Task data:
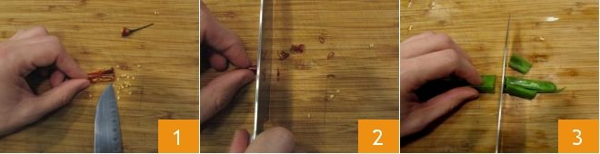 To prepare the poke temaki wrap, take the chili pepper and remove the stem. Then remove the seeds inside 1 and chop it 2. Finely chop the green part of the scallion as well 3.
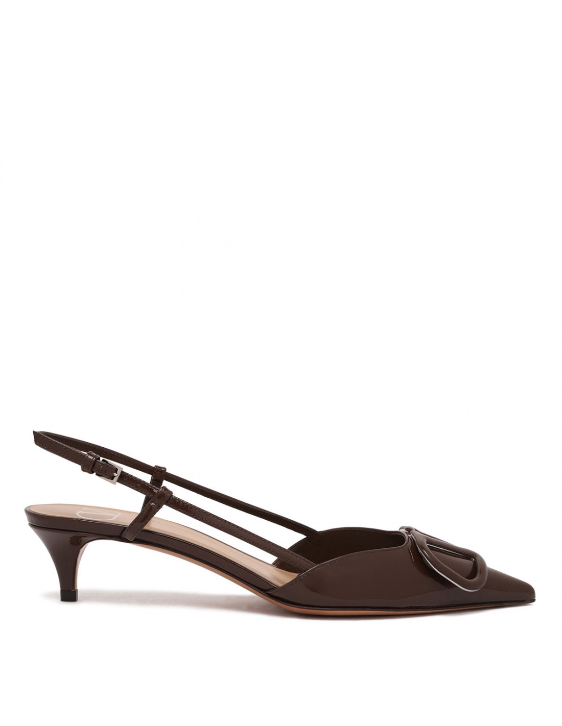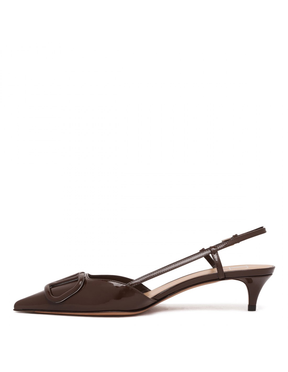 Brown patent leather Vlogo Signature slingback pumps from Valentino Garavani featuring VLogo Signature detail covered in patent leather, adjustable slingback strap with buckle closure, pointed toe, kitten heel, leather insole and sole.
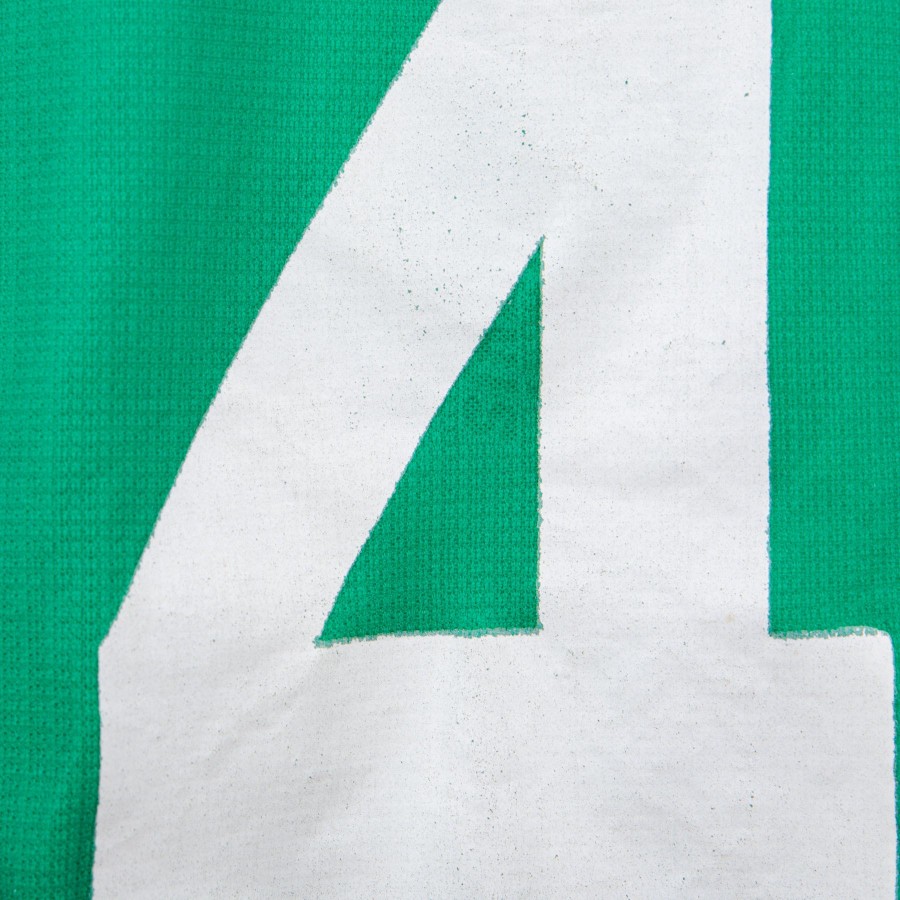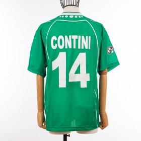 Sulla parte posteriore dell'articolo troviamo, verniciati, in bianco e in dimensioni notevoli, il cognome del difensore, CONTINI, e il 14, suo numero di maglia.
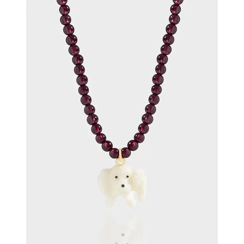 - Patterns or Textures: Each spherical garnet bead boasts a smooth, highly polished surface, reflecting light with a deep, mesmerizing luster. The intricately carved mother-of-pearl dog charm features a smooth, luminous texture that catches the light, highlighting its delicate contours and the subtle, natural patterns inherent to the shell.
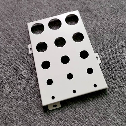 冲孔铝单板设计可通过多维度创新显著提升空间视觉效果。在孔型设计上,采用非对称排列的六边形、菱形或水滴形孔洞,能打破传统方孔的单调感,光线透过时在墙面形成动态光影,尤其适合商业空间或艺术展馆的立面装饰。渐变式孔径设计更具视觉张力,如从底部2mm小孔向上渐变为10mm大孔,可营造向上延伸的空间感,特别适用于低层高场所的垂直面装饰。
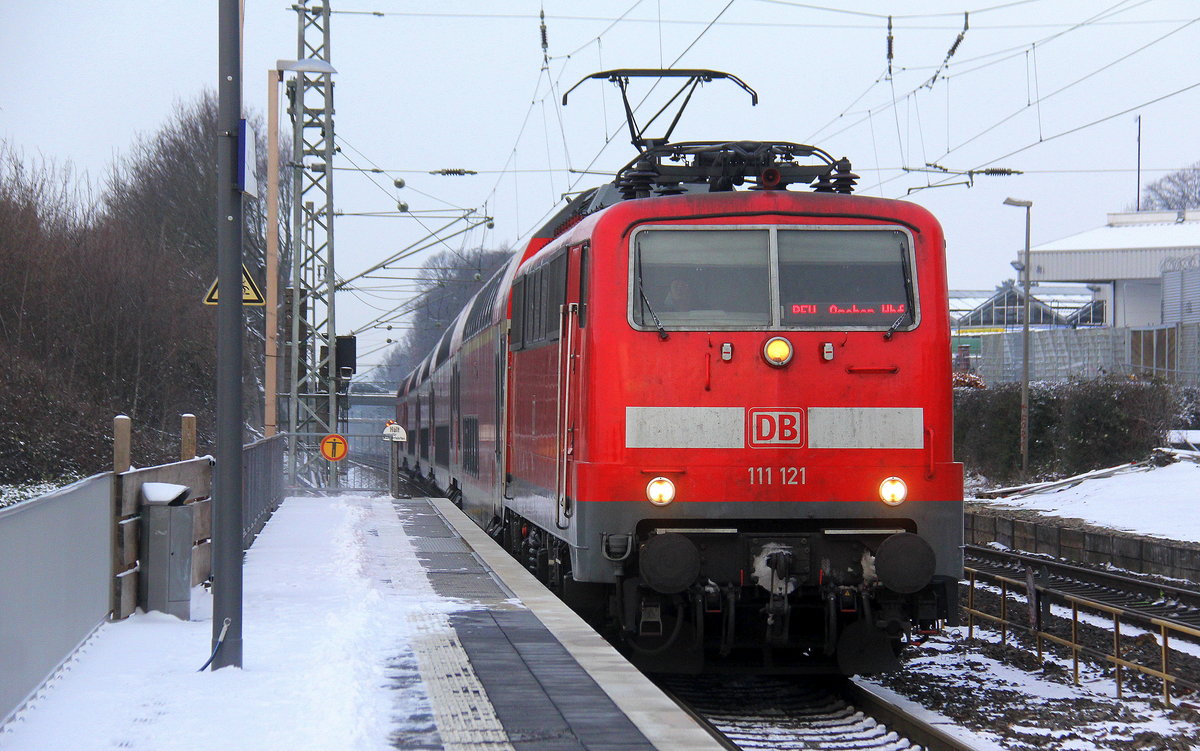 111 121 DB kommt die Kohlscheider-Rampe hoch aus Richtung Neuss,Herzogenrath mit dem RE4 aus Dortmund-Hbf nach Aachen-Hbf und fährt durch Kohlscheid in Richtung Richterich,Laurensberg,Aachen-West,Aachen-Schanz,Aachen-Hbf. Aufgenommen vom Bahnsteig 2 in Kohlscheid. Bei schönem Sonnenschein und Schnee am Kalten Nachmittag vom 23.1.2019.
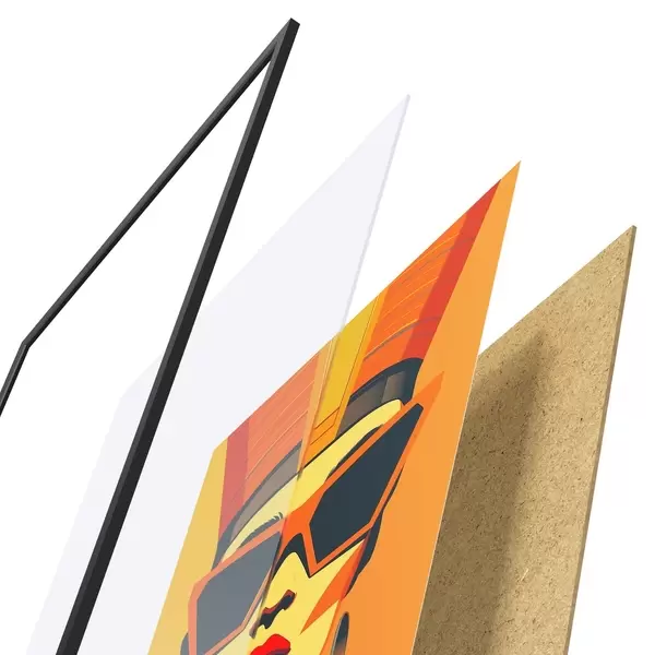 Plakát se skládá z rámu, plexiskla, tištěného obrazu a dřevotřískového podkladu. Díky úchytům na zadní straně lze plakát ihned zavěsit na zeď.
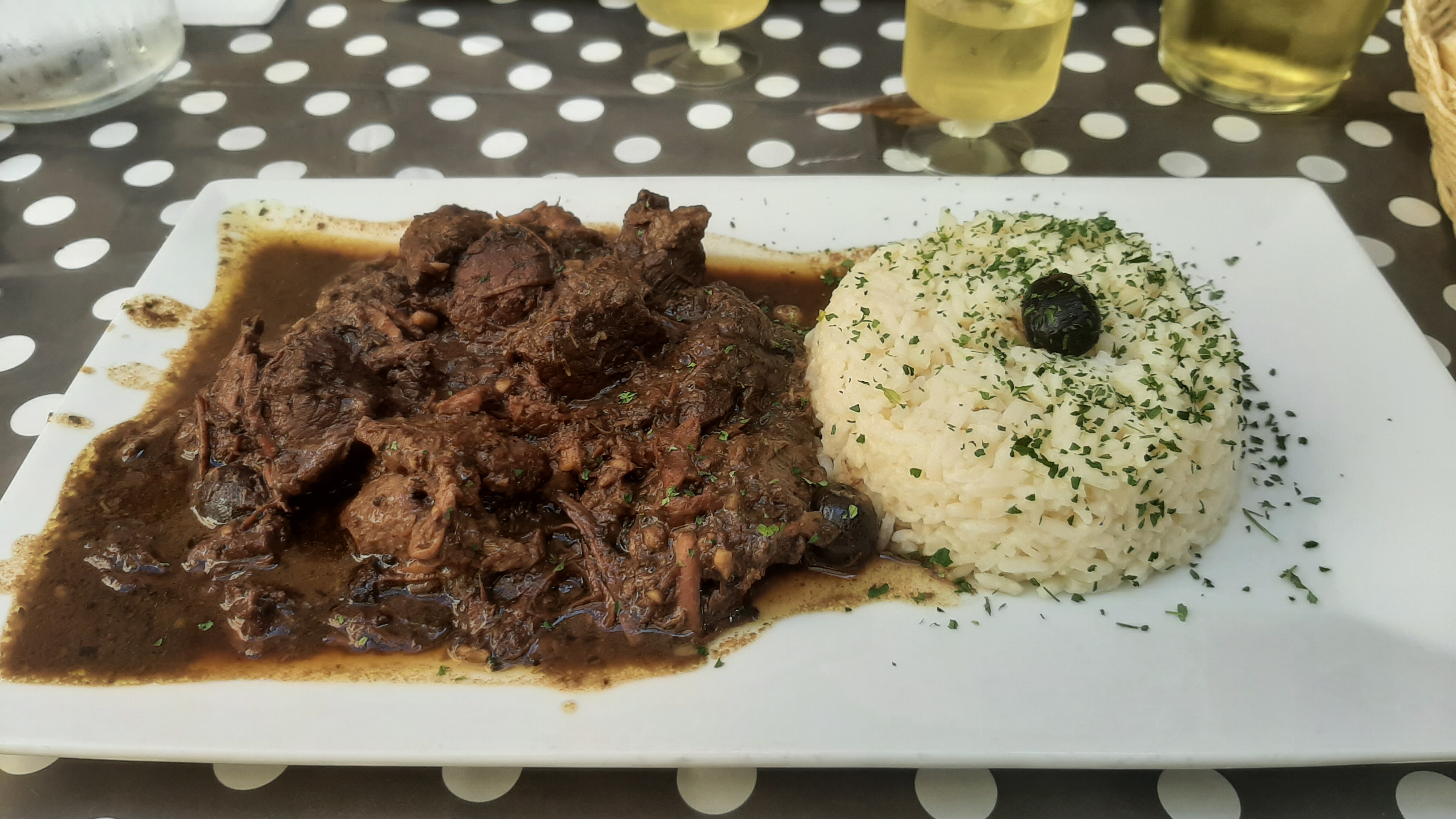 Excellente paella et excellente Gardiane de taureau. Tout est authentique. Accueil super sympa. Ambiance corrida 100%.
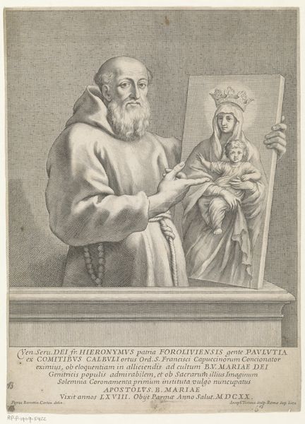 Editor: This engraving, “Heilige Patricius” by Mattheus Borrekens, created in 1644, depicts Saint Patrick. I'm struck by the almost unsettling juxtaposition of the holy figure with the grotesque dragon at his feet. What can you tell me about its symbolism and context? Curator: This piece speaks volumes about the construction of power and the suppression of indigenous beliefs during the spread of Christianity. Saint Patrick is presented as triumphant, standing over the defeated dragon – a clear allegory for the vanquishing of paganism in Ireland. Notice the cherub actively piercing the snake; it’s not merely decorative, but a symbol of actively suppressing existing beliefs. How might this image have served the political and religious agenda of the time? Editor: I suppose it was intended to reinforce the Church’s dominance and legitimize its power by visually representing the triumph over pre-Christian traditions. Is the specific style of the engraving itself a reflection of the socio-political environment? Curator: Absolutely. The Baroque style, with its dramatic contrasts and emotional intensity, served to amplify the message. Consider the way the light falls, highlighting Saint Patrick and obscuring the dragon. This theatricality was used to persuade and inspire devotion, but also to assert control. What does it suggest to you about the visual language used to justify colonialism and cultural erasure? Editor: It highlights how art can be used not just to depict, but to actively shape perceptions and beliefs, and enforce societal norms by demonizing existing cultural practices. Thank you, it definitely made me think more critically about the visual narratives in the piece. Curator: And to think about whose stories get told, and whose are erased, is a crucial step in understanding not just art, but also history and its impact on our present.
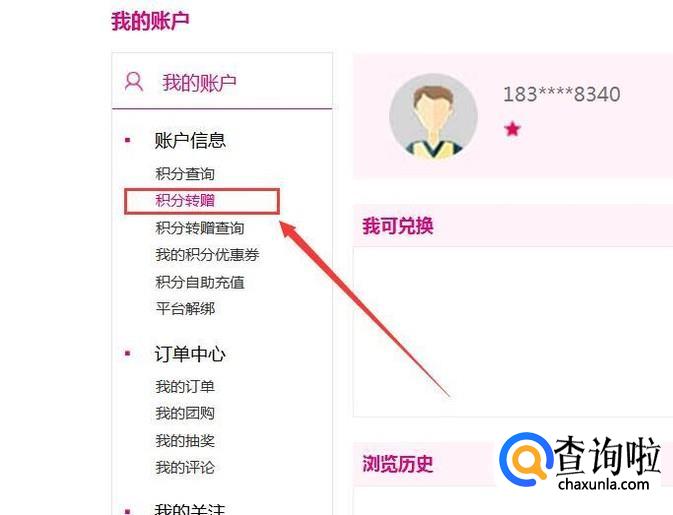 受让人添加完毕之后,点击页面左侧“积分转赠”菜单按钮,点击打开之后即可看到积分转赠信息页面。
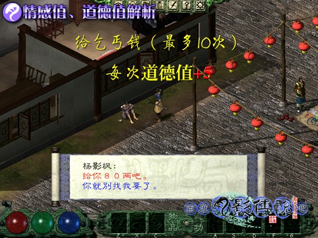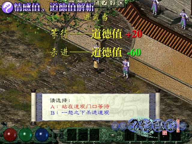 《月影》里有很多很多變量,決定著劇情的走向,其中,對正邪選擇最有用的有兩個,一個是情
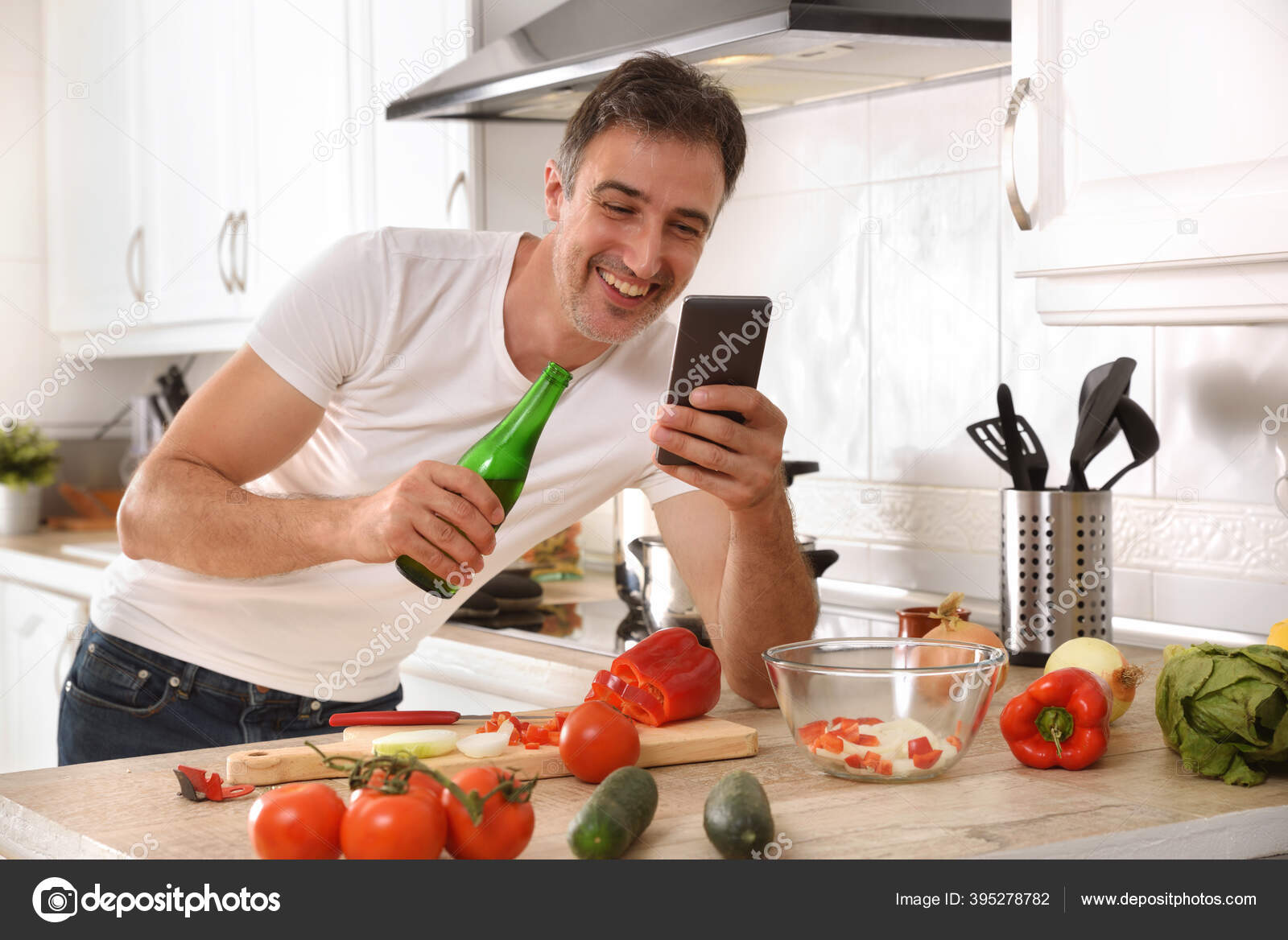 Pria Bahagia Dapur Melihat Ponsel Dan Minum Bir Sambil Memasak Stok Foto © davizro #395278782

Work instructions:
Please copy out the whole listing exactly, minus its pictures.

Output:
 To prepare the poke temaki wrap, take the chili pepper and remove the stem. Then remove the seeds inside 1 and chop it 2. Finely chop the green part of the scallion as well 3.
 Brown patent leather Vlogo Signature slingback pumps from Valentino Garavani featuring VLogo Signature detail covered in patent leather, adjustable slingback strap with buckle closure, pointed toe, kitten heel, leather insole and sole.
 Sulla parte posteriore dell'articolo troviamo, verniciati, in bianco e in dimensioni notevoli, il cognome del difensore, CONTINI, e il 14, suo numero di maglia.
 - Patterns or Textures: Each spherical garnet bead boasts a smooth, highly polished surface, reflecting light with a deep, mesmerizing luster. The intricately carved mother-of-pearl dog charm features a smooth, luminous texture that catches the light, highlighting its delicate contours and the subtle, natural patterns inherent to the shell.
 冲孔铝单板设计可通过多维度创新显著提升空间视觉效果。在孔型设计上,采用非对称排列的六边形、菱形或水滴形孔洞,能打破传统方孔的单调感,光线透过时在墙面形成动态光影,尤其适合商业空间或艺术展馆的立面装饰。渐变式孔径设计更具视觉张力,如从底部2mm小孔向上渐变为10mm大孔,可营造向上延伸的空间感,特别适用于低层高场所的垂直面装饰。
 111 121 DB kommt die Kohlscheider-Rampe hoch aus Richtung Neuss,Herzogenrath mit dem RE4 aus Dortmund-Hbf nach Aachen-Hbf und fährt durch Kohlscheid in Richtung Richterich,Laurensberg,Aachen-West,Aachen-Schanz,Aachen-Hbf. Aufgenommen vom Bahnsteig 2 in Kohlscheid. Bei schönem Sonnenschein und Schnee am Kalten Nachmittag vom 23.1.2019.
 Plakát se skládá z rámu, plexiskla, tištěného obrazu a dřevotřískového podkladu. Díky úchytům na zadní straně lze plakát ihned zavěsit na zeď.
 Excellente paella et excellente Gardiane de taureau. Tout est authentique. Accueil super sympa. Ambiance corrida 100%.
 Editor: This engraving, “Heilige Patricius” by Mattheus Borrekens, created in 1644, depicts Saint Patrick. I'm struck by the almost unsettling juxtaposition of the holy figure with the grotesque dragon at his feet. What can you tell me about its symbolism and context? Curator: This piece speaks volumes about the construction of power and the suppression of indigenous beliefs during the spread of Christianity. Saint Patrick is presented as triumphant, standing over the defeated dragon – a clear allegory for the vanquishing of paganism in Ireland. Notice the cherub actively piercing the snake; it’s not merely decorative, but a symbol of actively suppressing existing beliefs. How might this image have served the political and religious agenda of the time? Editor: I suppose it was intended to reinforce the Church’s dominance and legitimize its power by visually representing the triumph over pre-Christian traditions. Is the specific style of the engraving itself a reflection of the socio-political environment? Curator: Absolutely. The Baroque style, with its dramatic contrasts and emotional intensity, served to amplify the message. Consider the way the light falls, highlighting Saint Patrick and obscuring the dragon. This theatricality was used to persuade and inspire devotion, but also to assert control. What does it suggest to you about the visual language used to justify colonialism and cultural erasure? Editor: It highlights how art can be used not just to depict, but to actively shape perceptions and beliefs, and enforce societal norms by demonizing existing cultural practices. Thank you, it definitely made me think more critically about the visual narratives in the piece. Curator: And to think about whose stories get told, and whose are erased, is a crucial step in understanding not just art, but also history and its impact on our present.
 受让人添加完毕之后,点击页面左侧“积分转赠”菜单按钮,点击打开之后即可看到积分转赠信息页面。
 《月影》里有很多很多變量,決定著劇情的走向,其中,對正邪選擇最有用的有兩個,一個是情
 Pria Bahagia Dapur Melihat Ponsel Dan Minum Bir Sambil Memasak Stok Foto © davizro #395278782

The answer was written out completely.